I kicked a burning log with the toe of my boot, watching the flames flare up. Miriam had told me this was the oldest room in the house, that the fire in here had never gone out for centuries, lit each morning from last night’s embers, even in the middle of summer. On either side of the fireplace, set back into the ancient, thick wall, there were two long narrow stones left unplastered and one lying across the top of them, like a mini Stonehenge. It was as if the original priory had been built right around some kind of monument. They did that in the old days, though, didn’t they? Put churches and stuff on pagan sites, encouraging people to forget about their old beliefs.
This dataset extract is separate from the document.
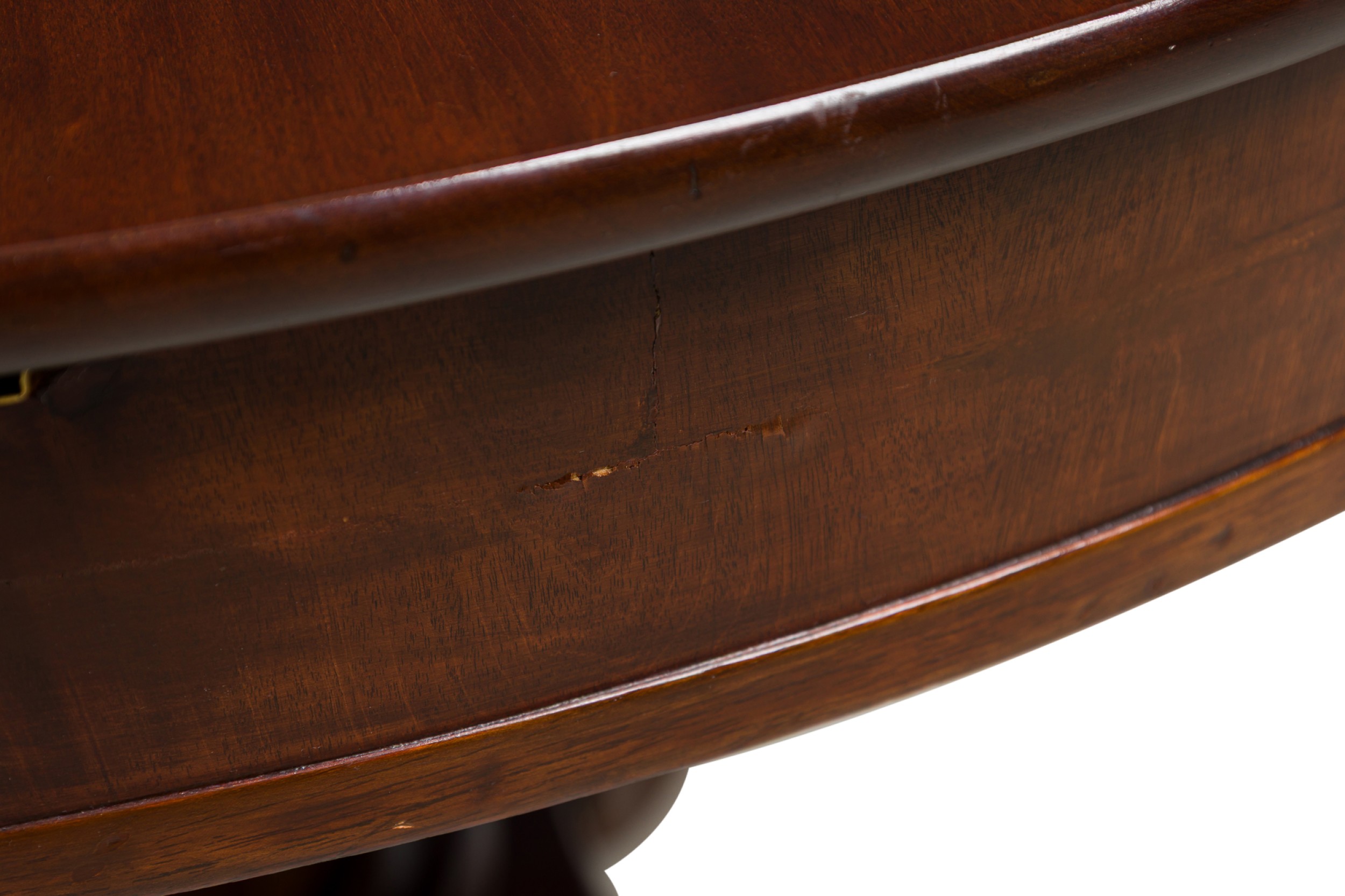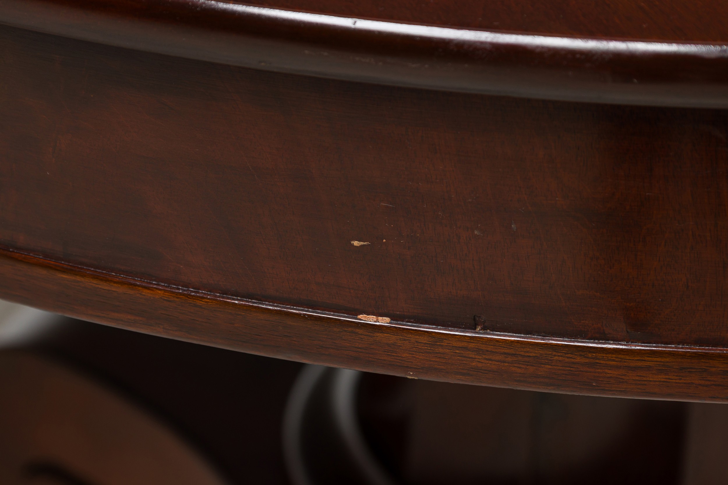 American Empire Circular Dining Table with Mahogany Veneer and 3 Large Leaves

I’d read about stuff like that. I’d never heard of a church being built right over a stone circle though, kind of like
absorbing
it.

Weird.

The door swung open, slow on its hinges.

Miriam’s panic was infectious, because I got a jolt of pure fear then, hoping it wouldn’t be Miles, all drunk and scary.

It was Connie, standing there in her pyjamas.
Of course,
I told myself.
Don’t be stupid
.

Even I could see she didn’t look great. Her face was sickly pale except for two bright red patches on her cheeks. When she gazed around the sitting room her eyes were weird and unfocused, with dark purple shadows underneath.

“Mum? I want Mum. And Lissy. Why hasn’t Lissy come to see me? I heard her come in.” Connie’s voice sounded scratchy, like her throat was really sore.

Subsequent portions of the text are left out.